Find the volume of the solid obtained by rotating the region bounded by the given curves about the specified axis. \( y=0, y=x(3-x) \) about the axis \( x=0 \)

To find the volume of the solid obtained by rotating the region bounded by the curves \( y=0 \) and \( y=x(3-x) \) about the axis \( x=0 \), we can use the method of cylindrical shells. The region bounded by the curves is a triangle with vertices at \( (0,0) \), \( (3,0) \), and \( (1,2) \). When rotating this region about the axis \( x=0 \), we will get a solid with a circular cross-section. The radius of each cylindrical shell will be the distance from the axis of rotation to the curve, which is \( x \), and the height of each cylindrical shell will be the difference between the two curves, which is \( x(3-x) \). The volume of each cylindrical shell is given by \( 2\pi x \cdot x(3-x) \).
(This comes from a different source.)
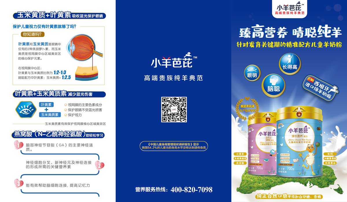 小羊芭芘為上海育博旗下專(zhuān)業(yè)兒童配方純羊奶粉。
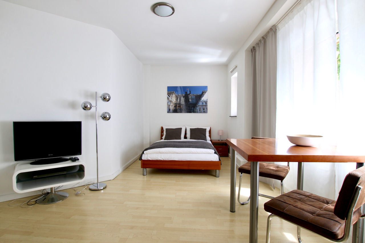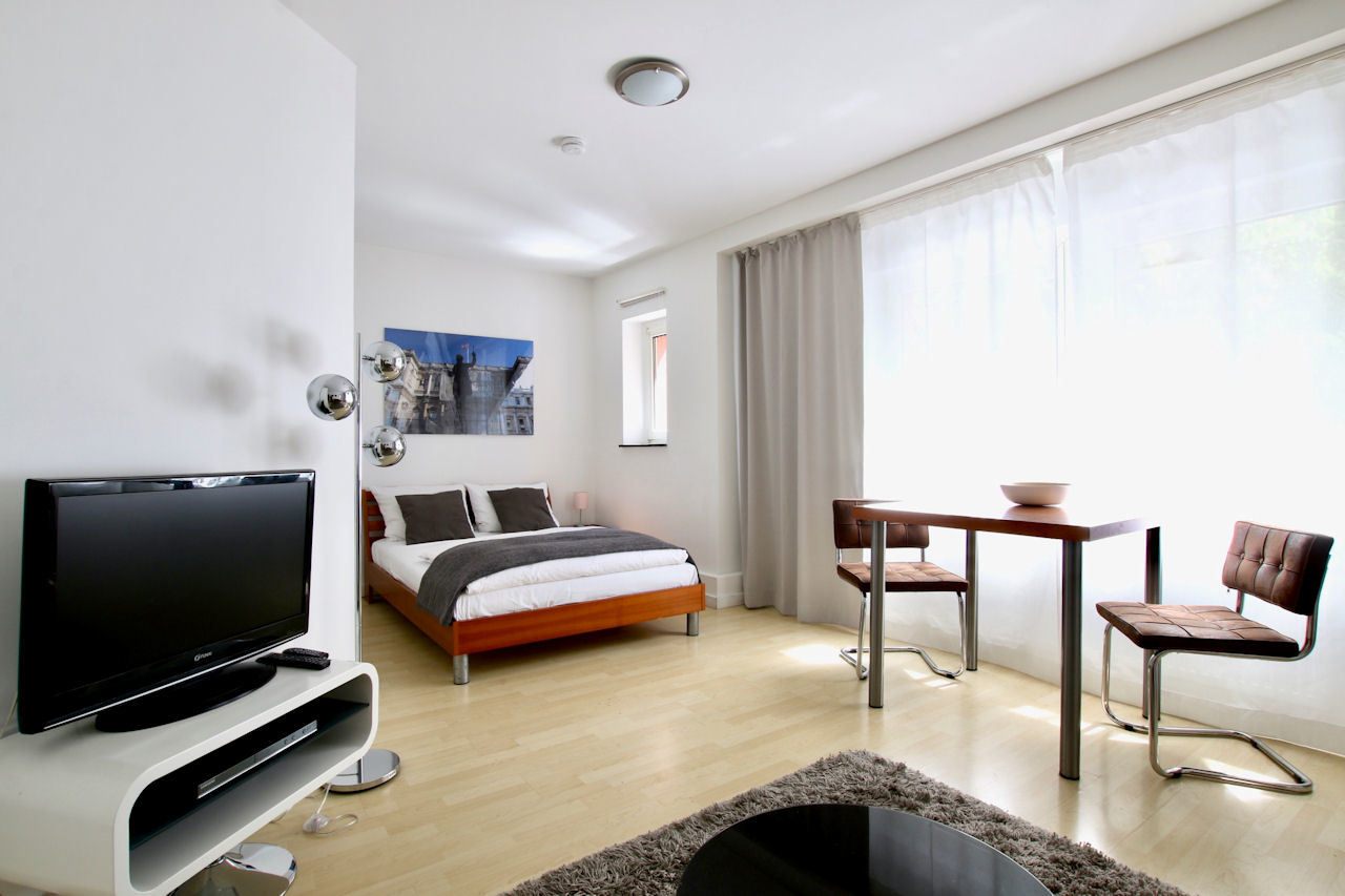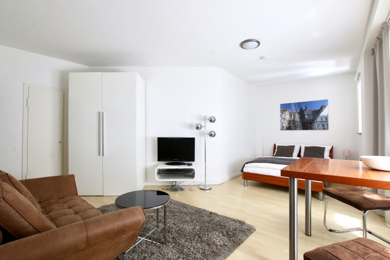 Wohn/Schlafzimmer mit Doppelbett 1,60 m, Bettwäsche- und Reinigungsservice optional gegen Aufpreis, WLAN optional gegen Aufpreis, Mindestmietdauer 2 Monate,

To find the total volume, we need to integrate this expression from \( x=0 \) to \( x=3 \). Let's calculate the volume using the given curves and the axis of rotation. Evaluate the integral by following steps: - step0: Evaluate using formulas and rules: \(\int_{0}^{3} 2\pi x\times x\left(3-x\right) dx\) - step1: Multiply the terms: \(\int_{0}^{3} 6\pi x^{2}-2\pi x^{3} dx\) - step2: Evaluate the integral: \(\int 6\pi x^{2}-2\pi x^{3} dx\) - step3: Use properties of integrals: \(\int 6\pi x^{2} dx-\int 2\pi x^{3} dx\) - step4: Evaluate the integral: \(2\pi x^{3}-\frac{\pi }{2}x^{4}\) - step5: Return the limits: \(\left(2\pi x^{3}-\frac{\pi }{2}x^{4}\right)\bigg |_{0}^{3}\) - step6: Calculate the value: \(54\pi -\frac{81\pi }{2}\) - step7: Calculate: \(\frac{27\pi }{2}\) The volume of the solid obtained by rotating the region bounded by the curves \( y=0 \) and \( y=x(3-x) \) about the axis \( x=0 \) is \( \frac{27\pi}{2} \) cubic units.